#Covid19PandemicVaccine; #Research; #RedTape; #ScietificEvidence; Ethics; #ClinicalTrials New York, Apr 16 (Canadian-Media): In an effort to end the humanity's lockdown globally, accelerated efforts are being made by at least 70 research teams, including some in Canada, to develop a potential pandemic vaccines within a year by bypassing some of the usual red tape that slows down the vaccine approval process, media reports said.
Pandemic Vaccine Research. Image credit: Facebook page
Scientists said the goal of the vaccine is to expose our immune system to part of the virus so our antibody fighters can prepare to attack the virus that causes COVID-19, since in a pandemic, no one has immunity to the virus because it is new.

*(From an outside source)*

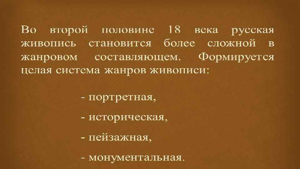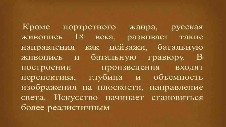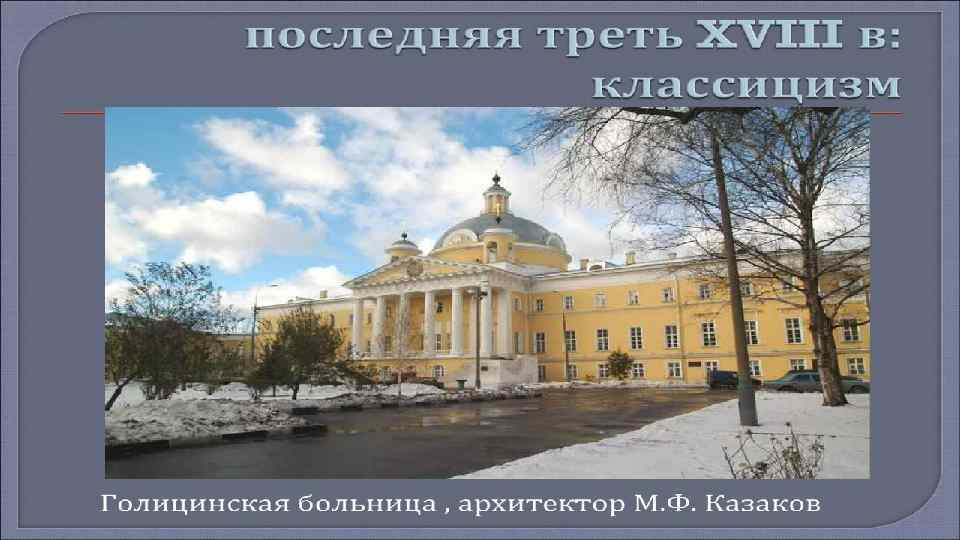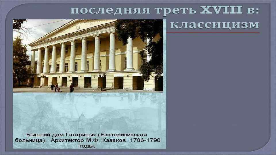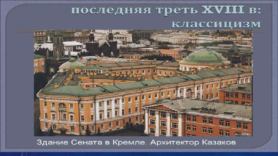 • Рококо – архитектурный стиль, который возник путем сочетания барокко и классицизма. Этот стиль несет в себе утонченность и галантность и характерен в основном для оформления интерьеров. • В 18 веке, в русской архитектуре, происходит становление нового явления – «русского классицизма» . Русский классицизм – это направление архитектуры, для которого характерна простота и строгость, а так же рациональность. Большое количество построек в стиле русского классицизма находилось в Москве. Дом Пашкова, Царицынский комплекс Бажева, здания Сената, дом князя Голицына и многие другие здания. Сегодня все они являются памятниками русской архитектуры 18 века.

Dr. Scott Halperin, of the Canadian Immunization Research Network, stressed the importance to have multiple versions of the vaccine that achieve the same purpose but work in different ways. He said with the first phase of clinical trials focused on safety, with about 30 to 50 volunteers testing out different doses of shots, next step of Phase 2 trials is critical as it involves larger number of people and takes about from seven to 10 years normally for the vaccine to go from the lab to the arms of patients. "What's mainly being accelerated are the various administrative steps, not the safety steps," he said and added Canadian researchers hope to have some potential vaccines in clinical trials within the next four to six weeks. However, Jonathan Kimmelman, a biomedical ethics professor at McGill University in Montreal, who watches both scientific and ethical standards are followed was concerned that in a hurry to develop a vaccine, we may be tempted to tolerate less than optimal science and said, "That to me seems unacceptable. The stakes are just as high right now in a pandemic as they are in non-pandemic settings." To show how long the process can take, Kimmelman points to the example of the ongoing search for an effective HIV vaccine that began in the 1990s In the meantime second phase of testing a vaccin, adapted from the company's Ebola research is being started by China's CanSino Biologics, according to China's Ministry of Science and Technology. Still another vaccine candidate is in Phase 1. In the U.S., Pennsylvania-based Inovio Pharmaceuticals began last week a Phase 1 trial of its vaccine candidate that uses the DNA sequence extracted from the key spike protein of SARS-CoV-2, the virus that causes COVID-19.
Earlier this week, the first person received a second dose of another potential U.S. vaccine from the National Institutes of Health (NIH) and Massachusetts-based biotech company Moderna Inc.